## Given information:

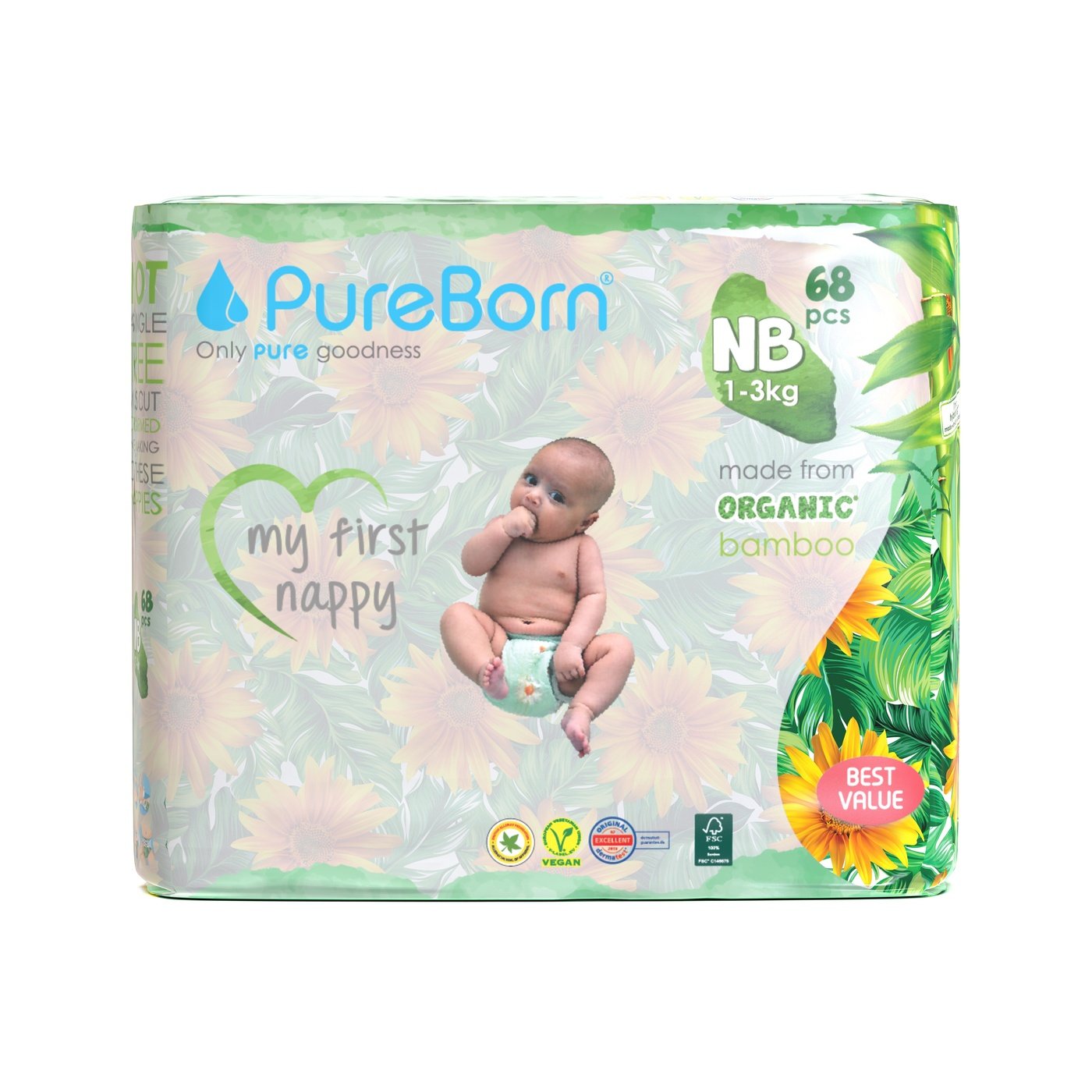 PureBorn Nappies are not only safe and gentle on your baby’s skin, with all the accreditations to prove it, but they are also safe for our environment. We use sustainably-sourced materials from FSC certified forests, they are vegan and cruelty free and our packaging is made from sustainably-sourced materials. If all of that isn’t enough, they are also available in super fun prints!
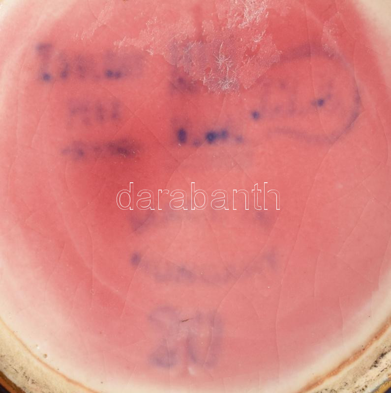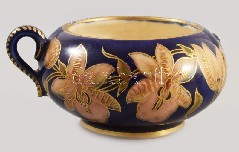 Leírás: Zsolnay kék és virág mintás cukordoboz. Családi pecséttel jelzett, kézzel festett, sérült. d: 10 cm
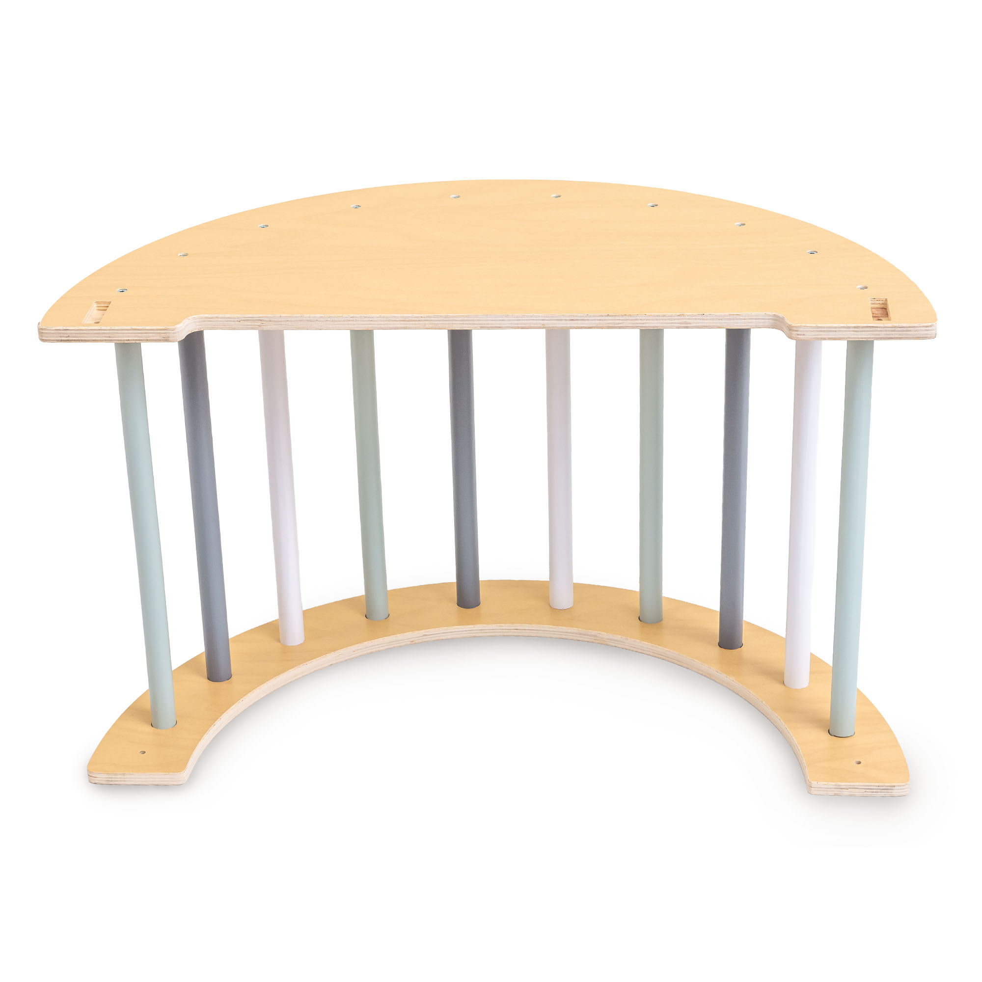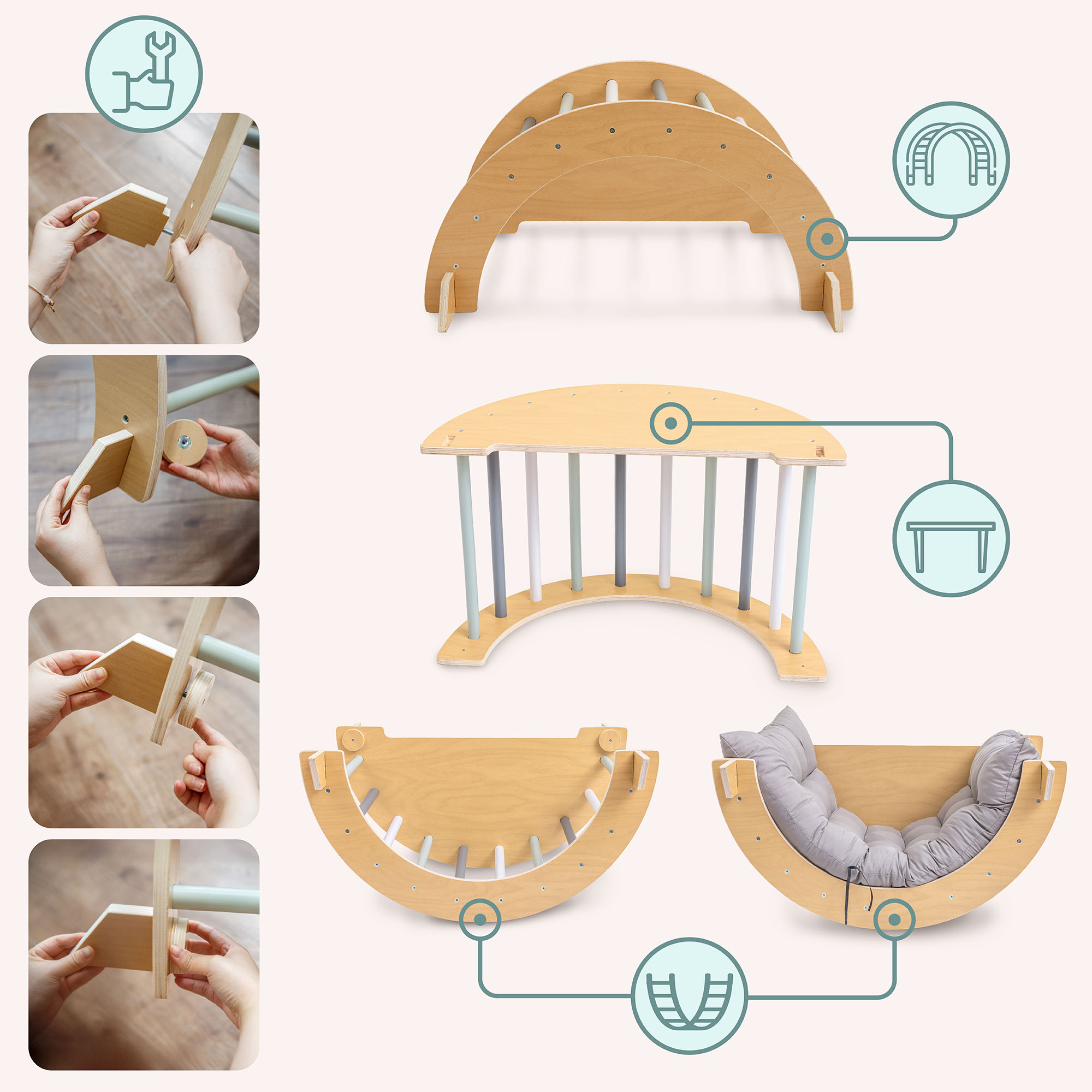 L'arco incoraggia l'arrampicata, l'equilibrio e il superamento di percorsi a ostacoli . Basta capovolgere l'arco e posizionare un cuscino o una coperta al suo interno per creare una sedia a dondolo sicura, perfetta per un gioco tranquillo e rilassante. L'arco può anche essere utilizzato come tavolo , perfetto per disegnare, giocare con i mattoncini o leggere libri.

## Work task:
Where a picture appears in the material above, skip it, and print the rest exactly.

## Answer to the problem:
 PureBorn Nappies are not only safe and gentle on your baby’s skin, with all the accreditations to prove it, but they are also safe for our environment. We use sustainably-sourced materials from FSC certified forests, they are vegan and cruelty free and our packaging is made from sustainably-sourced materials. If all of that isn’t enough, they are also available in super fun prints!
 Leírás: Zsolnay kék és virág mintás cukordoboz. Családi pecséttel jelzett, kézzel festett, sérült. d: 10 cm
 L'arco incoraggia l'arrampicata, l'equilibrio e il superamento di percorsi a ostacoli . Basta capovolgere l'arco e posizionare un cuscino o una coperta al suo interno per creare una sedia a dondolo sicura, perfetta per un gioco tranquillo e rilassante. L'arco può anche essere utilizzato come tavolo , perfetto per disegnare, giocare con i mattoncini o leggere libri.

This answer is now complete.